I was left emotionally and psychologically damaged and without adequate support when I reported the churchwarden, I was shunned in the community, no matter how Jane Fisher denies it, and the stress was simply too much, would have been too much for anyone from a background like mine and having found her 'family' only to be abused and dumped.
As someone on the autism spectrum, the denials and shunning were simply too much, and it caused an uber-meltdown.

Which continues to cause me to be treated as worse than an abuser by the Church of England, or even as worse than their clergy who have behaved unethically and without a shred of Christianity in order to cover up the wrongdoing around me reporting the case.
Glaringly, the church have interviewed those clergy with their legal expertise and their lawyers and omitted my side from any report.

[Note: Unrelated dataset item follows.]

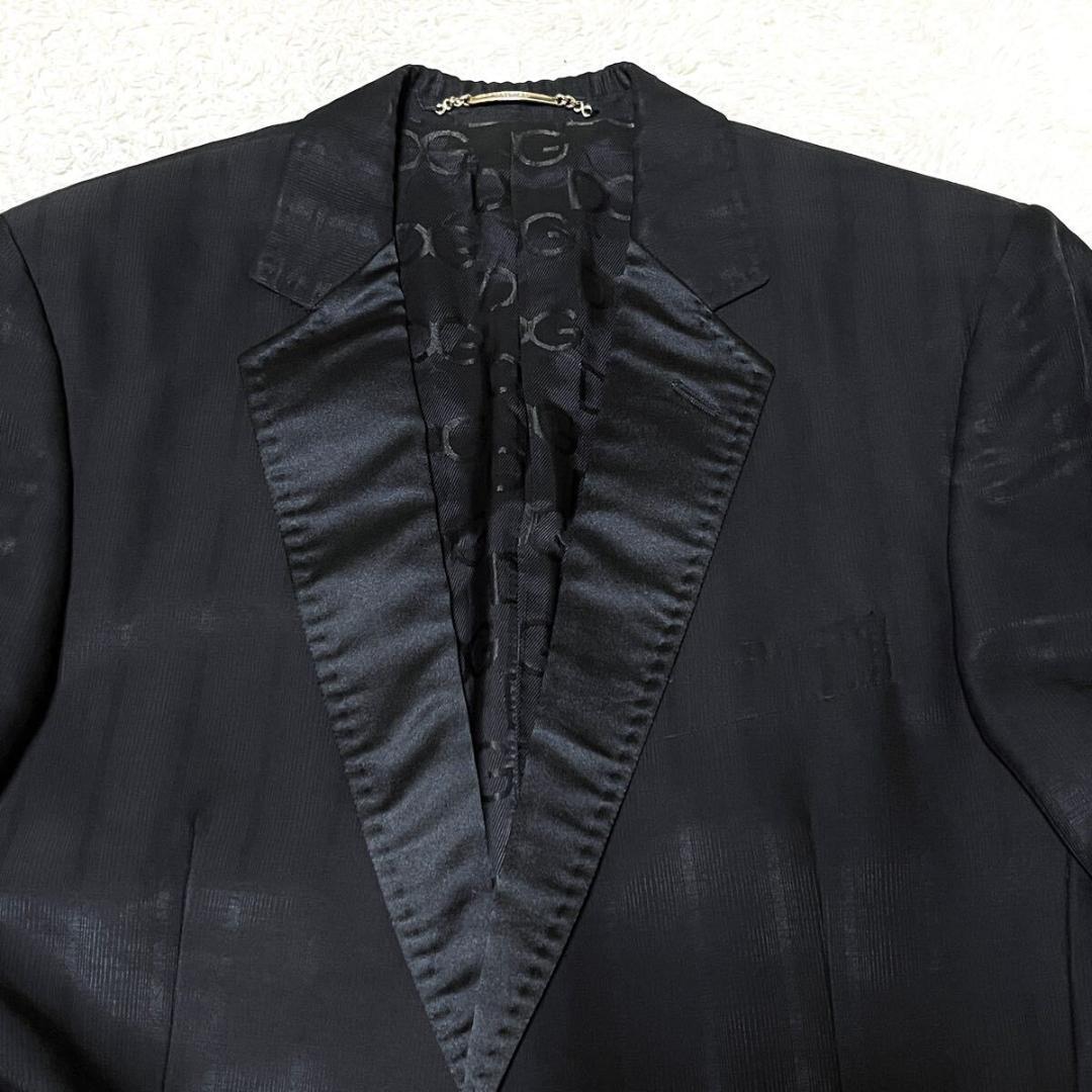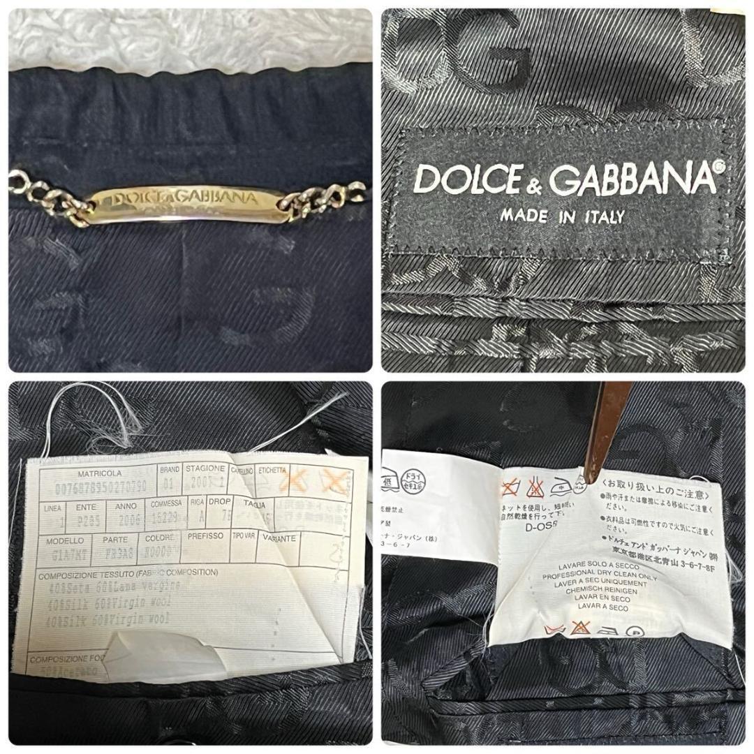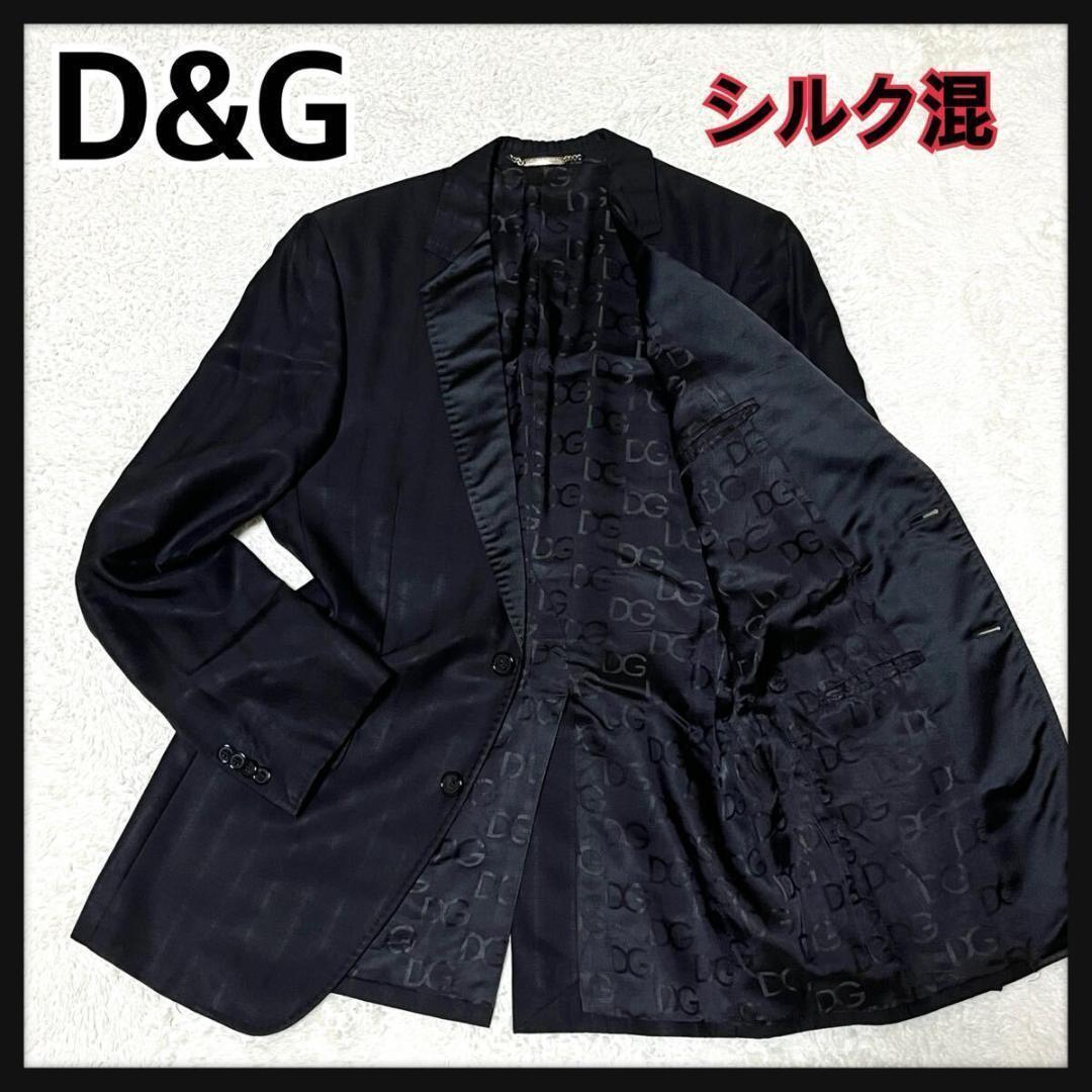 【希少・シルク混素材&シグネチャー裏地】 イタリア製 D&G ドルチェアンドガッバーナ テーラードジャケット ブラック 黒 M相当

Again and again they state like that, that autism is a crime and wrongdoing by clergy and church officers is not and is excusable.
And apparently, according to Bob Hill, Dame Steel claims there is nothing wrong with me and I am just a troublemaker.
She didn't interview me but interviewed someone with an interest in protecting the wrongdoers who has never even met me but is a trained lawyer as well as being a clergyman in the Deanery of Jersey.